Some mystery surrounds the life of Joseph B. Dyer, born in 1840. In 1864 he married Hannah Louise Cook and they had three children, two of whom died in infancy. The couple’s firstborn, Artie, died in 1877 at the age of 11 of acute rheumatism. By February 1866, Joseph owned a 1/16 share in the schooner Arthur Clifford, which he commanded — with the exception of the voyage of the A.L. Putnam in 1868 — until September 1870, when the schooner was withdrawn. Though the circumstances of Joseph’s death are unknown and there is no existing grave, on Feb. 27, 1872 Hannah Louise filed for appointment as administratrix of his estate. Joseph’s death must have taken place sometime between September 1870 and February 1872. It seems odd that a family that took such care to memorialize its other members fails to have done so with Joseph.
James Snow Dyer Jr., the second-born of the nine Dyer children, was captain of the schooner Arthur Clifford in 1868, but as a 20-year-old second mate aboard the 100-ton brig Rienzi, he had survived, along with four others from a crew of 21 souls, a harrowing shipwreck. Having departed on a whaling voyage from Provincetown on April 3, 1846, the Rienzi was returning with a full load of sperm oil when, about 1,200 miles east-southeast of Provincetown, it encountered a severe gale late on the evening of Sept. 15. Dismasted and with its hatches burst, the vessel was knocked down and immediately filled with water, drowning six crew members in the cabin. Others drowned in the foc’s’le or were washed overboard before the Rienzi righted itself, a complete wreck.
James Dyer, one of seven crew members from Provincetown, and the only Provincetown survivor, had been in the cabin but somehow managed to find his way to the deck. The five survivors spent 10 days adrift, lashed to the wreck as the sea breached over them, before being rescued from an inevitable death by the ship Minerva sailing from the Mediterranean.
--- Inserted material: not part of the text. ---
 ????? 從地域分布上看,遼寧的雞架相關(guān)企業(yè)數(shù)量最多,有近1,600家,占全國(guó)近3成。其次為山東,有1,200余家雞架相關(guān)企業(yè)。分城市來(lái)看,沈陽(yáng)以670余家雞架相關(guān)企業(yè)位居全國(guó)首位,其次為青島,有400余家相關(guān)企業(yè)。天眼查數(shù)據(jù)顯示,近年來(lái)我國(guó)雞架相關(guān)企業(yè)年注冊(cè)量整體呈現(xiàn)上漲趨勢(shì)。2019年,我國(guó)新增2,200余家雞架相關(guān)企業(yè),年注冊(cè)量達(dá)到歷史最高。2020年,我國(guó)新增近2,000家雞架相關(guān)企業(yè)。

“No pen,” noted news accounts, “can depict the sufferings of the remaining crew. All the provisions they had for 10 days was about half of a peck basket of bread, which they succeeded in getting from the hold, it having been soaked in salt water for 48 hours. The day before they were taken off, they caught a shark by means of a bowline, the liver of which they ate raw; they tried to drink the blood but found it too bitter. All the water they had during their stay on the wreck they caught by putting an old sheet in the rain during a shower and wringing it when it became wet.” The logbook of the Minerva noted that the “poor fellows were mere skeletons, one being delirious, and would have probably died during the night if he had not been relieved.”
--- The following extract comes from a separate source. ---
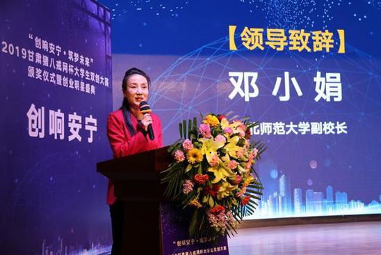 12月19日,“创响安宁·筑梦未来”教育峰会暨“甘肃猪八戒网”杯2019大学生创新创业大赛颁奖仪式在西北师大举办。西北师大副校长邓小娟参会并致辞,安宁区区委书记郭海泉出席,安宁区委区政府相关领导,全区各街道各部门负责同志,辖区内各高校双创负责人,猪八戒网相关负责人及企业代表、媒体代表、高校大学生代表400人参加活动。

In November 1846, the Barnstable Patriot contemplated the “vicissitudes and destroying power of the sea,” writing that those who “commit their lives and property to the perils of the ocean are peculiarly subject to losses and disappointments.” One can’t help but wonder if, as James Dyer went about his life in the years after the Rienzi tragedy, continuing to tempt fate by going to sea, he reflected on the loss of the Rienzi and the six crew members from Provincetown. He died in 1877 and is buried in Provincetown’s Gifford Cemetery, but the Dyer family plot in Cemetery #2 — where “lost at sea” is etched in marble for Capt. William H. Dyer Jr. — is mere steps away from the tomb of the Small family, whose fate was intertwined with that of the Dyers.
James Small was captain and part owner of the Rienzi and his two sons, Joshua, age 21, and James, age 14, were crew members. None survived the wreck. Captain Small’s wife, Betsy, died just months later of a broken heart.